After locating "Продаётся 2-комн. квартира" in the listing below, copy that line and each one after it exactly, ending with the line that has "Teluk Kuantan- Kegiatan".

» **Data shown**:
== Segment start ==
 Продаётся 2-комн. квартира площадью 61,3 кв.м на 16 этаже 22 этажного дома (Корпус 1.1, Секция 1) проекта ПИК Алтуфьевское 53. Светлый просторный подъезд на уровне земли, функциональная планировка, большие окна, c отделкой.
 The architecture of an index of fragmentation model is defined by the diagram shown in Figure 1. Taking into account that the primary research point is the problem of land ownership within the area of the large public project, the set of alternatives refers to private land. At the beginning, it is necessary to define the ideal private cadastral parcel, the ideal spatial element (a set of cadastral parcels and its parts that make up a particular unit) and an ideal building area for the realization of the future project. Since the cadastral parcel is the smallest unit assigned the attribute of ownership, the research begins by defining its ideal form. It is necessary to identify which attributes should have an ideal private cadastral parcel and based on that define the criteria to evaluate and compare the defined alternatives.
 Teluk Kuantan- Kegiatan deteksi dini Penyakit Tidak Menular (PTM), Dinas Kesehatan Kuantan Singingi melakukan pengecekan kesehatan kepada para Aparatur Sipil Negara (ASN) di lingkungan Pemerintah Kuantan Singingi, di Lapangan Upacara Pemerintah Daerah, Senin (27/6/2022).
== Segment end ==
== Segment start ==
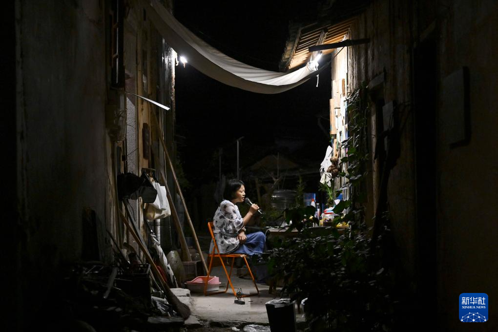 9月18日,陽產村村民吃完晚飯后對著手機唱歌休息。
== Segment end ==
» **Reply**:
 Продаётся 2-комн. квартира площадью 61,3 кв.м на 16 этаже 22 этажного дома (Корпус 1.1, Секция 1) проекта ПИК Алтуфьевское 53. Светлый просторный подъезд на уровне земли, функциональная планировка, большие окна, c отделкой.
 The architecture of an index of fragmentation model is defined by the diagram shown in Figure 1. Taking into account that the primary research point is the problem of land ownership within the area of the large public project, the set of alternatives refers to private land. At the beginning, it is necessary to define the ideal private cadastral parcel, the ideal spatial element (a set of cadastral parcels and its parts that make up a particular unit) and an ideal building area for the realization of the future project. Since the cadastral parcel is the smallest unit assigned the attribute of ownership, the research begins by defining its ideal form. It is necessary to identify which attributes should have an ideal private cadastral parcel and based on that define the criteria to evaluate and compare the defined alternatives.
 Teluk Kuantan- Kegiatan deteksi dini Penyakit Tidak Menular (PTM), Dinas Kesehatan Kuantan Singingi melakukan pengecekan kesehatan kepada para Aparatur Sipil Negara (ASN) di lingkungan Pemerintah Kuantan Singingi, di Lapangan Upacara Pemerintah Daerah, Senin (27/6/2022).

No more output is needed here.